Lê-se na página 2 do Público de hoje:

Uma das medidas previstas é a reorganização e racionalização dos currículos. Quais são os princípios que vão presidir a essa reorganização?
A lógica geral é independente desta lógica monetária. Defendo, independentemente de todos estes cortes, que é necessário reduzir o número de disciplinas no ensino básico, que é necessário concentrar nas disciplinas essenciais, que é necessário eliminar a dispersão na oferta curricular, que é necessário reforçar o Português e a Matemática, que é necessário dar mais atenção à História, à Geografia, às Ciências, ao Inglês. O princípio da reorganização é este: como é que vamos conseguir que os jovens saibam mais nestas questões centrais?

O que infere qualquer pessoa medianamente racional desta resposta acerca das disciplinas nomeadas?

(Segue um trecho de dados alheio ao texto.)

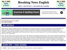 In this Coca Cola worksheet, learners read the article, answer true and false questions, complete synonym matching, complete phrase matching, complete a gap fill, answer short answer questions, answer discussion questions, write, and...

Que precisam de mais atenção e que os jovens devem saber mais nestas questões centrais.

A reacção em muita gente foi, não é exagerado admiti-lo, de alívio nestas áreas disciplinares, a começar pela História e Geografia, ameaçadas de casamento forçado à laia dos arranjos de outrora.

Mas então como se coaduna isso com o que foi dito numa reunião aparentemente (escrevo assim só porque…) realizada hoje de manhã no MEC em que foi apresentada novamente a hipótese de fusão das duas disciplinas sem quase contestação alguma por parte dos presentes?

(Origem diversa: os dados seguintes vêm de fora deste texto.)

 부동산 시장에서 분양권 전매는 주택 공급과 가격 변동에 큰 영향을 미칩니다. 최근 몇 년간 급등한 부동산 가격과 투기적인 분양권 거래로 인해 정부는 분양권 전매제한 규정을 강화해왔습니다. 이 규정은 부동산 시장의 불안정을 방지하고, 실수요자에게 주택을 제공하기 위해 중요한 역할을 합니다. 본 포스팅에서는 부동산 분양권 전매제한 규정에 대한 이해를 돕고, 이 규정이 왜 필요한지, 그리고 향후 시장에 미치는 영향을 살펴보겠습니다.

Mas, afinal, o que se diz numa entrevista ao finalizar de uma semana é branco, mas na 2ª feira já é preto? Ou será que o branco foi para o público consumir e o preto para auscultar das resistências que alguns (incluindo um profblogger que por lá acenou que sim a tudo) consideram corporativas?

Ou, pura e simplesmente, não se tem uma linha de rumo e se está refém da herança dos cursos bolonheses valterianos de formação de professores generalistas e híbridos?

Ou será que o navegar ao sabor do vento resulta da influência próxima de quem tem essa forma de estar como regra?

Será que Nuno Crato, como MLR, não se importa de perder os professores para (de forma transitória) ganhar o apoio de alguma opinião publicada?